*Listed records*.
-- Opening Marker --

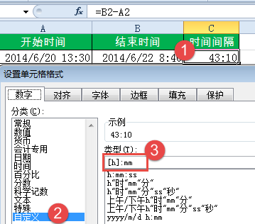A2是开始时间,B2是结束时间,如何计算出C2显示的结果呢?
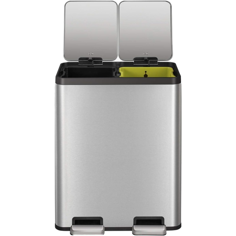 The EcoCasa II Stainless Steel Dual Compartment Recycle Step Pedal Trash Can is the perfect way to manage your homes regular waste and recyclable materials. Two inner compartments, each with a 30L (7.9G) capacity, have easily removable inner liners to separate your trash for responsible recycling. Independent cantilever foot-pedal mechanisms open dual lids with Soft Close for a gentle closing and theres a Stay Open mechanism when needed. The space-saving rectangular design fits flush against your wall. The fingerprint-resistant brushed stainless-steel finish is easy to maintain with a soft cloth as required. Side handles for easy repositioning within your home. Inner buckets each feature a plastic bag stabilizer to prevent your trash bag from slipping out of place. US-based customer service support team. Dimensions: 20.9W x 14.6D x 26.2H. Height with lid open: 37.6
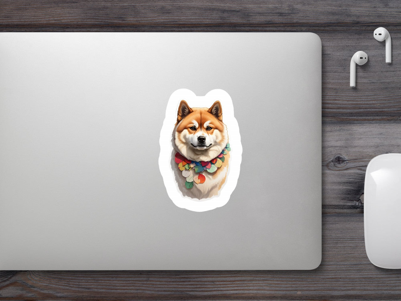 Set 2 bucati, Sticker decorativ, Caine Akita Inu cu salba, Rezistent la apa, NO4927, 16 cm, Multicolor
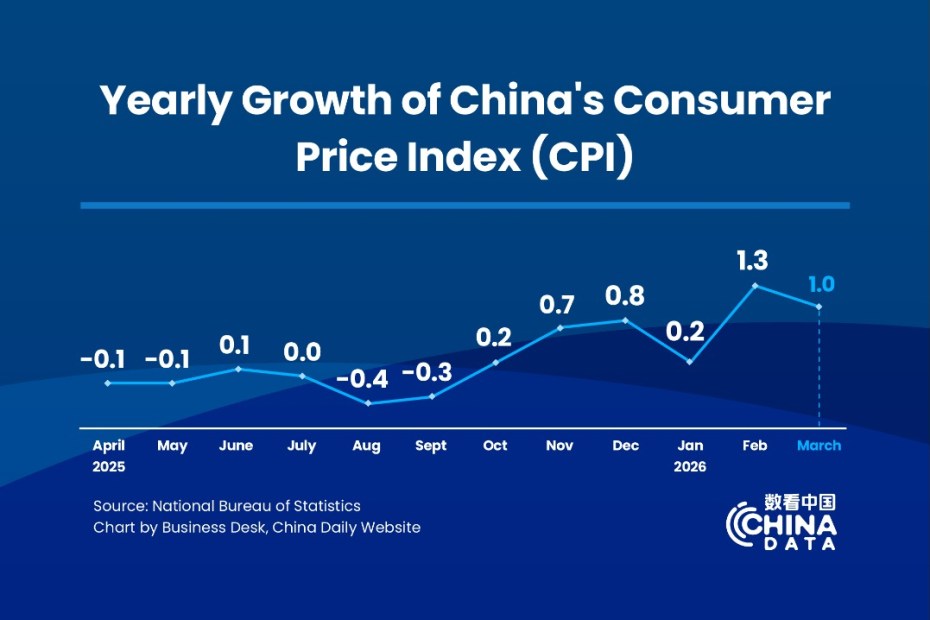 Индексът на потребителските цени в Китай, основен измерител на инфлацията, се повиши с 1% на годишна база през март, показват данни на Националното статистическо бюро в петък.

-- Closing Marker --
-- Opening Marker --

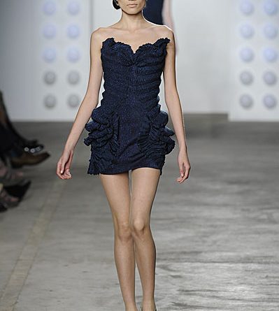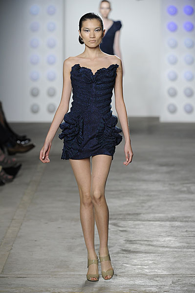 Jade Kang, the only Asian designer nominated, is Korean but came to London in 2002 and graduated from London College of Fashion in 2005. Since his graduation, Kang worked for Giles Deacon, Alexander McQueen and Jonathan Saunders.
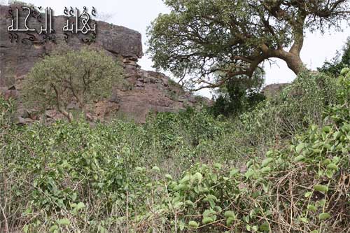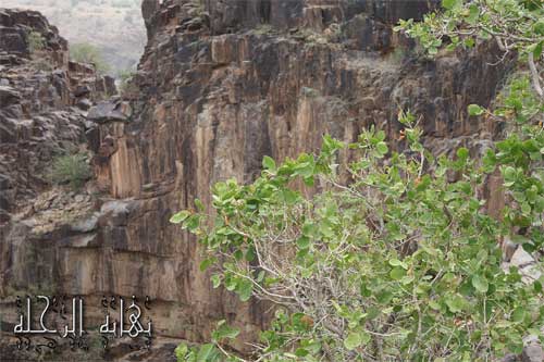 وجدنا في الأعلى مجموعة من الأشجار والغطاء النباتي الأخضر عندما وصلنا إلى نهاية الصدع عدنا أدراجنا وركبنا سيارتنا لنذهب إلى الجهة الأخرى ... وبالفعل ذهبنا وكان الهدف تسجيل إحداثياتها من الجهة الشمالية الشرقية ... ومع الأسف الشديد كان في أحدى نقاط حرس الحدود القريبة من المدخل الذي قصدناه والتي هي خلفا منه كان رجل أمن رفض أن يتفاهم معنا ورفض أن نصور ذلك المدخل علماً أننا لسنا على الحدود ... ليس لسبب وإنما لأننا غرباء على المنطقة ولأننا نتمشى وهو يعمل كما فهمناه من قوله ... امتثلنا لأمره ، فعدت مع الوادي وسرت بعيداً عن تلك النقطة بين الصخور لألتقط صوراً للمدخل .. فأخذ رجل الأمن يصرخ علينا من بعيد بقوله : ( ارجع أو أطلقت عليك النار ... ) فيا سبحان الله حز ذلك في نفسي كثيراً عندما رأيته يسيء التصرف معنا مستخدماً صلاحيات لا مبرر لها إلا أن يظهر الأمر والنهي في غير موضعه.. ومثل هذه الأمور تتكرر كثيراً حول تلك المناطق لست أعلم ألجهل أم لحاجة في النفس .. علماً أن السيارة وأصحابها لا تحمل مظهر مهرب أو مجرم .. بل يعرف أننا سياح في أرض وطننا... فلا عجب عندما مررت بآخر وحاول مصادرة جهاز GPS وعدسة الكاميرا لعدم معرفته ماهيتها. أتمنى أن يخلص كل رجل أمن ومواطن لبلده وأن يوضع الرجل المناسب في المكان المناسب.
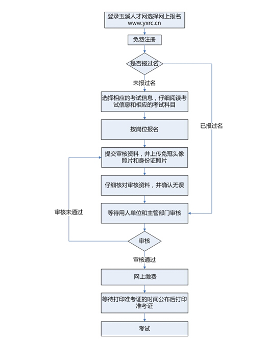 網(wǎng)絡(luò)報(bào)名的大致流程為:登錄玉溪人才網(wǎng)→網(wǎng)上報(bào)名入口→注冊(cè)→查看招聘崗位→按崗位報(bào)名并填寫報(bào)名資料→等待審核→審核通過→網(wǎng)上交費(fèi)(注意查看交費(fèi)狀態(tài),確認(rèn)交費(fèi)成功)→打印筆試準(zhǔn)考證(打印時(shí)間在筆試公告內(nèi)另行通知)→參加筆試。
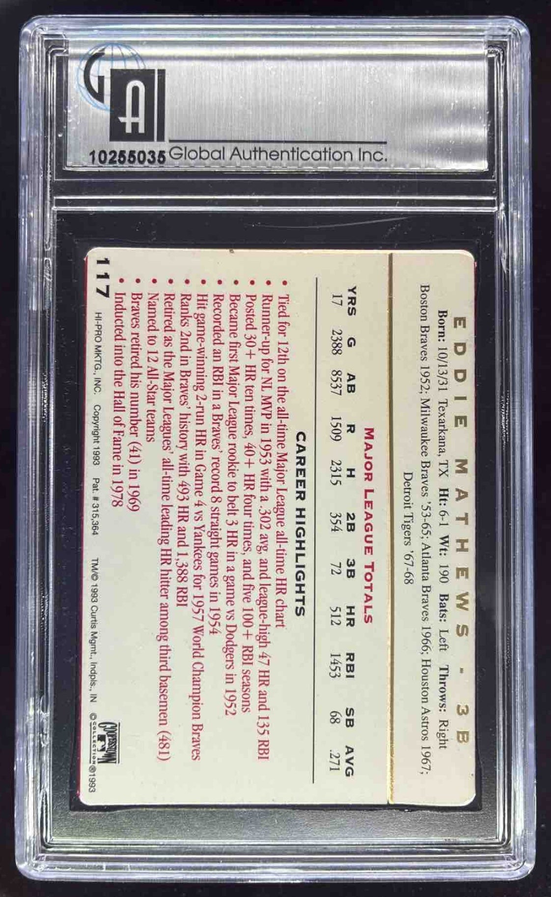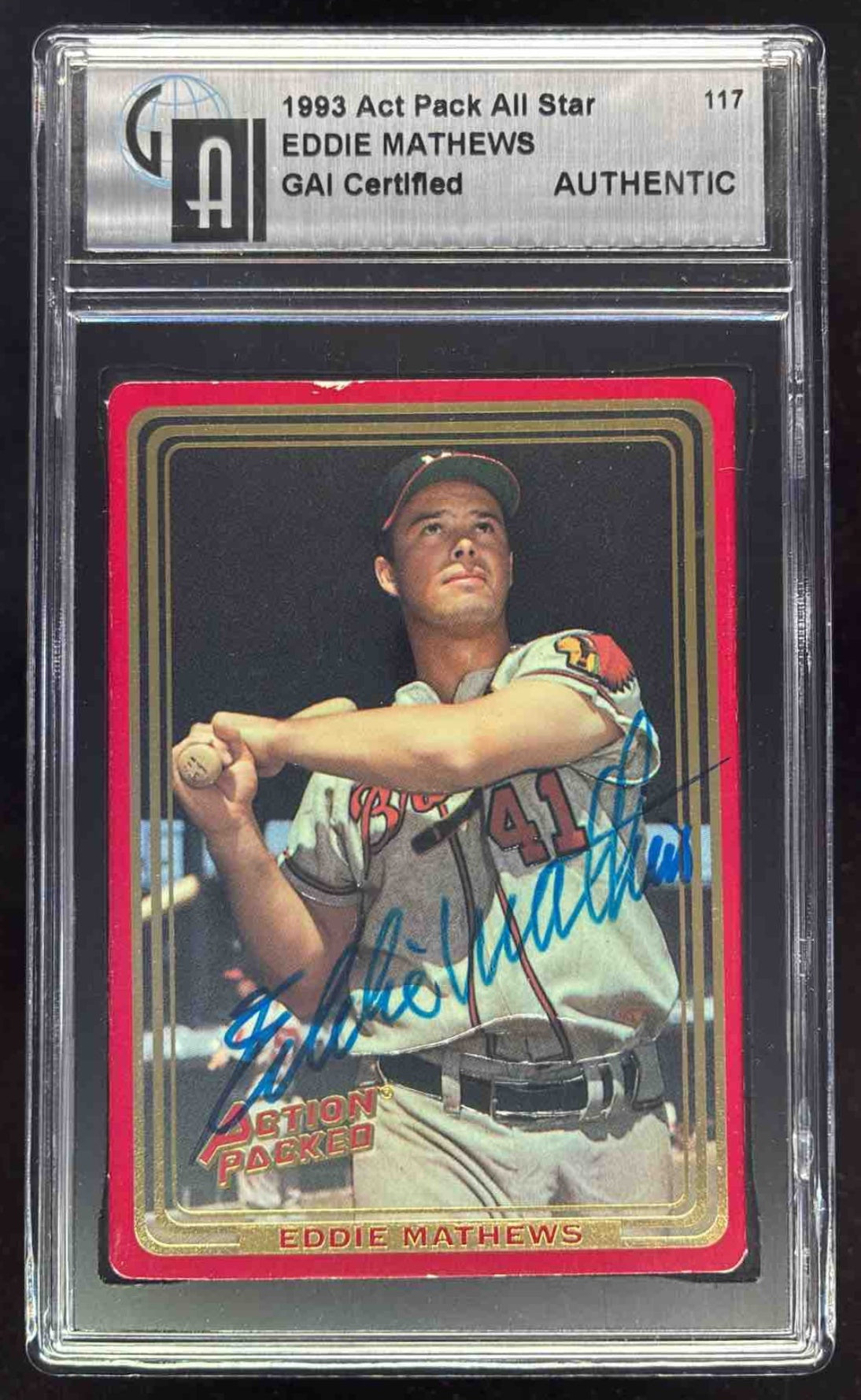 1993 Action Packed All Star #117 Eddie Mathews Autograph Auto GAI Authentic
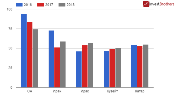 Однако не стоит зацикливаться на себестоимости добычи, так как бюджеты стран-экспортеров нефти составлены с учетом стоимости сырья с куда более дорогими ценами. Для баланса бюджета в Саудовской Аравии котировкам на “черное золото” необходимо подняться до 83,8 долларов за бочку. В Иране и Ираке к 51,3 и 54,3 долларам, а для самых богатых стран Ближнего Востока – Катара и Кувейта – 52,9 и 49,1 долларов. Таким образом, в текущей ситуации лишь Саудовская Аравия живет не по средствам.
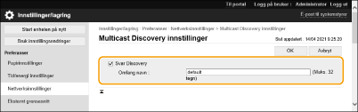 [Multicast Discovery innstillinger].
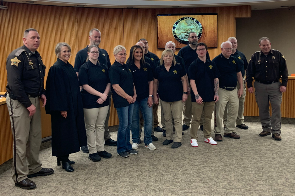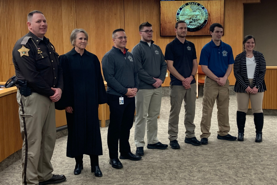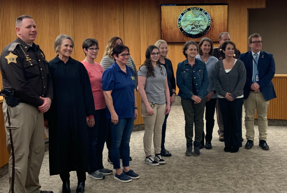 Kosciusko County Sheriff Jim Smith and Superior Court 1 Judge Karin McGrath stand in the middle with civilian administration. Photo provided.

-- Closing Marker --
-- Opening Marker --

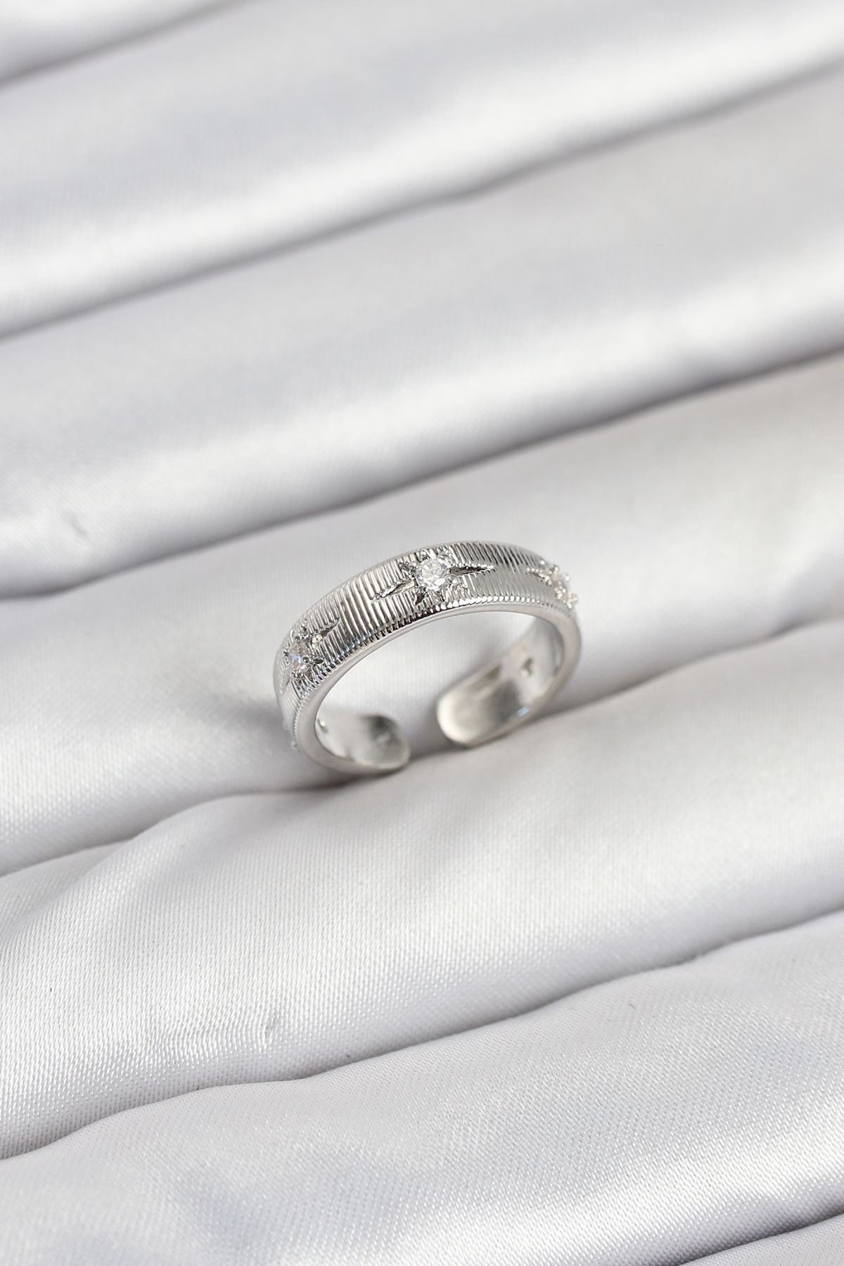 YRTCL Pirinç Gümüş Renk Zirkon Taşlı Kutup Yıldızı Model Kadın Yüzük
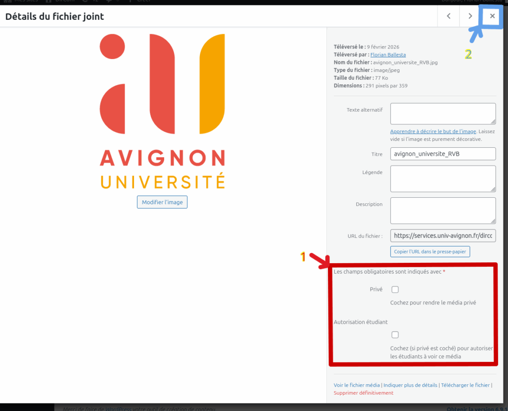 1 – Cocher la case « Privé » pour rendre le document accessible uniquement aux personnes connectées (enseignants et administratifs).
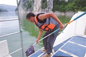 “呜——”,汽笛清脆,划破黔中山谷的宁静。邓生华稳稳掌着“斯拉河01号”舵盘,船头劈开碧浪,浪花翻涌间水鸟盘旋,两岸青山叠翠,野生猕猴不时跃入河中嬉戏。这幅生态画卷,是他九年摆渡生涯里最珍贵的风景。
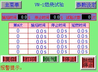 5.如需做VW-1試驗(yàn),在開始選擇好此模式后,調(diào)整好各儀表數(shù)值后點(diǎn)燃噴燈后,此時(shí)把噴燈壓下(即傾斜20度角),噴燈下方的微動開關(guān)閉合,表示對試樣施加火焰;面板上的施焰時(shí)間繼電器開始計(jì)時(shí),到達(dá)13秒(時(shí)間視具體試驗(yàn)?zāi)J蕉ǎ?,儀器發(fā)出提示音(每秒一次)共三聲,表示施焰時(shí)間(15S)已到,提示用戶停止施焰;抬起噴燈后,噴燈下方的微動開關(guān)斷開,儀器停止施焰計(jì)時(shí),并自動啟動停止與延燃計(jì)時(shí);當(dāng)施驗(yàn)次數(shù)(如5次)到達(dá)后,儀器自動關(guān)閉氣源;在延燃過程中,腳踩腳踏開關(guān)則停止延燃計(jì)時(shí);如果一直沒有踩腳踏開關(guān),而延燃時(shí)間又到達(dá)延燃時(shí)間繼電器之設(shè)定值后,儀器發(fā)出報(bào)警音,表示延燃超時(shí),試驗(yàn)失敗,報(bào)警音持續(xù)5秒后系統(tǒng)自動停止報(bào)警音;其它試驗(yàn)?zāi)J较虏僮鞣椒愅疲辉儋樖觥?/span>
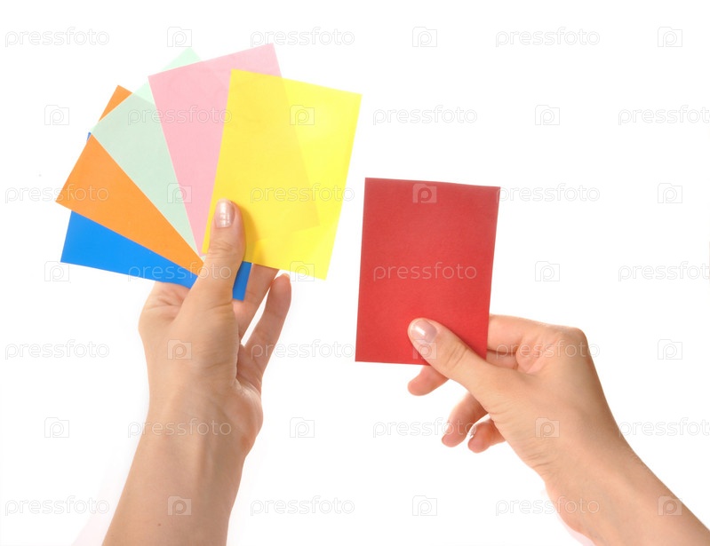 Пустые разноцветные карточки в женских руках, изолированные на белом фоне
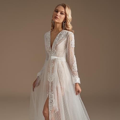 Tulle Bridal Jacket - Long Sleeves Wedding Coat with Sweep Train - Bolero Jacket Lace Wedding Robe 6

-- Closing Marker --

*About this task*.
For this exercise, return exactly the lines above from the line with "[Multicast Discovery innstillinger]." through the line with "Kosciusko County Sheriff", both included. Do not copy the pictures.

*Final answer*.
 [Multicast Discovery innstillinger].
 Kosciusko County Sheriff Jim Smith and Superior Court 1 Judge Karin McGrath stand in the middle with civilian administration. Photo provided.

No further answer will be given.